My mother, brother, and I walked into Pho20, a Vietnamese restaurant in Beaver Creek, Colorado, to find my dad already at a table by himself tearing apart some Asian wings.
“Mackenzie, I have a story idea for you,” he said, sauce dribbling down the side of his chin. “I already have a title – it’s ‘First Class Hookup.’”
“’First Class Hookup,’ Dad?” I questioned it immediately as we took our seats, but he insisted it was a serious piece that would require extensive research.
He went on to explain this brilliant idea, originally inspired while seated in the First Class Lounge earlier in the day: “During a flight delay – sometimes hours at a time – you have to think, these people need entertainment. They get bored. A lot of them are lone travelers, businessmen, and, hey, there are showers in the First Class lounge. I bet people hook up in the showers all the time! You should do a piece about the airport hookups – the First Class hookups.”

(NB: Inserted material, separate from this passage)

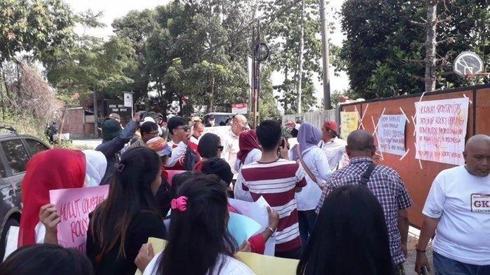 Pantauan TribunnewsBogor.com, massa unjuk rasa ini berkumpul di depan gerbang pintu masuk rumah Rocky Gerung.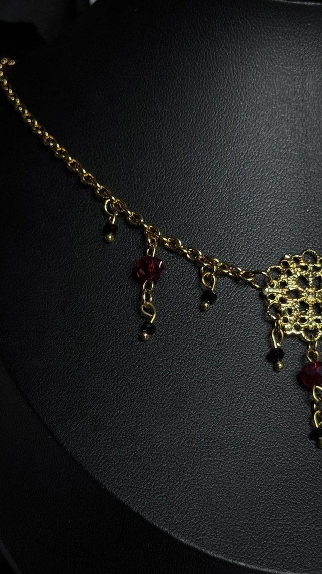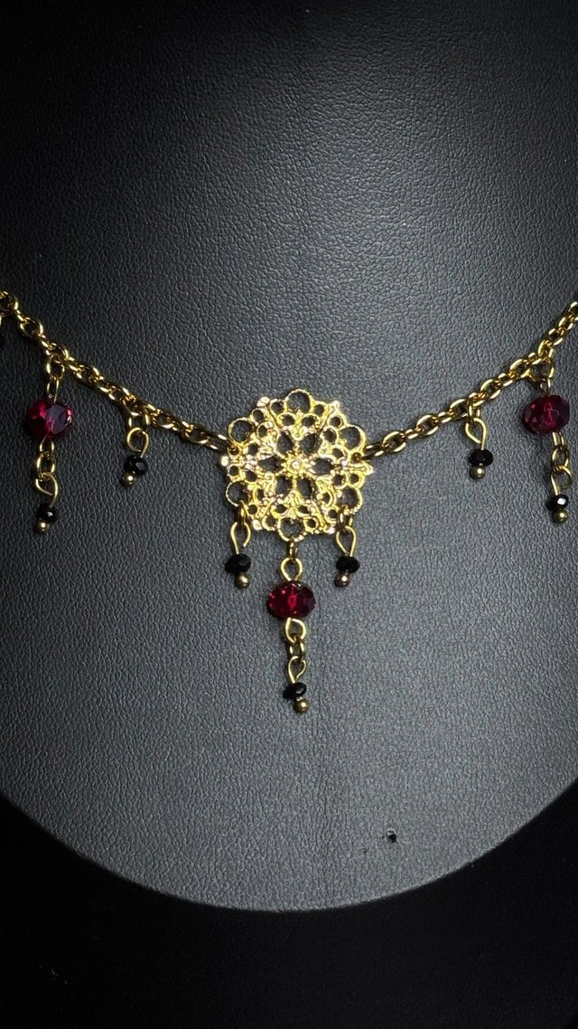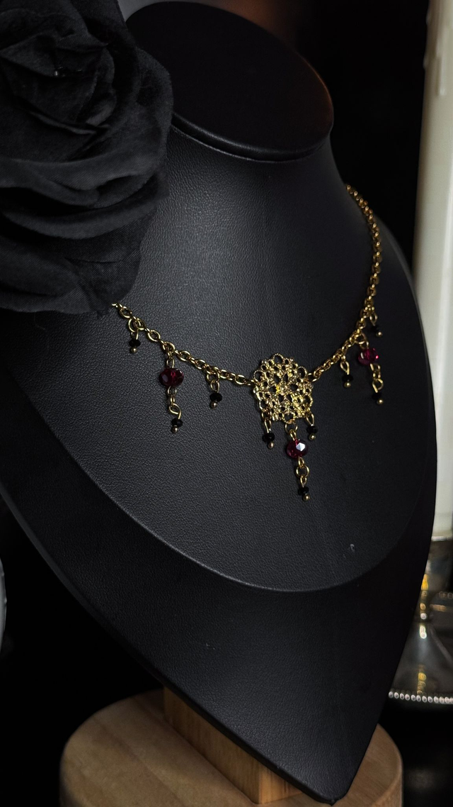 Ce collier doré minimaliste se compose d'une chaine fine, de petites perles facettées rouges et noires et d'un intercalaire rond filigrané placé au centre.

My brother and I argued that it wasn’t limited to first class. People could hookup in the airport no matter where their funds seat them. After all, the Mile-High Club is easily accessible to all travelers. But after enduring extreme flight delays of my own the day before (i.e. the Denver airport closed down so my plane landed in New Mexico instead) I was mostly focused on the bigger idea of how airports bring people together. The togetherness I witnessed did not come solely for those in the First Class lounge or in the form of sexual relationships. The togetherness applied to everyone.
After hours spent moseying around the New Mexico airport, waiting for news on our flight, the passengers on the United Airlines Flight to Denver became like a family – the UAFD Fam. Every time I stood in line for food, browsed a shelf in the Hudson News store, or brushed my teeth in the airport bathroom sink, I would end up in a conversation with someone of the UAFD Fam. We were all in the same boat, unsure of where our luggage would go, let alone where we would go, and the situation inspired an unspoken brotherhood between us.
A bunch of people on the way to Colorado Springs got together to rent a car and risk the snow storm. I helped an elderly couple named Robin and Rudiger buy plane tickets to their ultimate destination, Santa Barbara, and listened to their stories about being Hopkins doctors and making their sons wear ski boots on the airplane. They invited me to visit their farm in Baltimore. A boy and a girl struck up a conversation and realized they were both ultimately headed to Bozeman, Montana (wherever that is) so they decided to rent a car together for the drive. I hoped this would be the start of some wildly romantic love story, but I will probably never know.
Strangers invited me to join them for meals, strangers invited each other to join them for meals, and everyone took this opportunity to get a window into the life of the person beside them. These windows are actually easily accessible wherever you are in the world. On the train, on the street, on line at Chipotle, we are constantly surrounded by strangers who have millions of memories and stories – just as many as we do – but we never have a reason to turn to our right and ask, Hey, what’s your story? As much as it sucks to sit around waiting in airports, the extra time brings us the opportunity to meet someone new; to talk to someone who we otherwise may not have even said hi to.
Whether it be small talk about work or a full road trip to Montana, a short lunch over meatball subs or a quick fuck in the First Class Lounge bathroom, these connections provided momentary inclusion into the life of a stranger. We of the UAFD Fam were ultimately all flown out of New Mexico and our relationships whittled down to slight waves goodbye at the baggage claim, but we’ll always remember those few stranded hours when the downfalls of the weather led us to open the books of a hundred lives.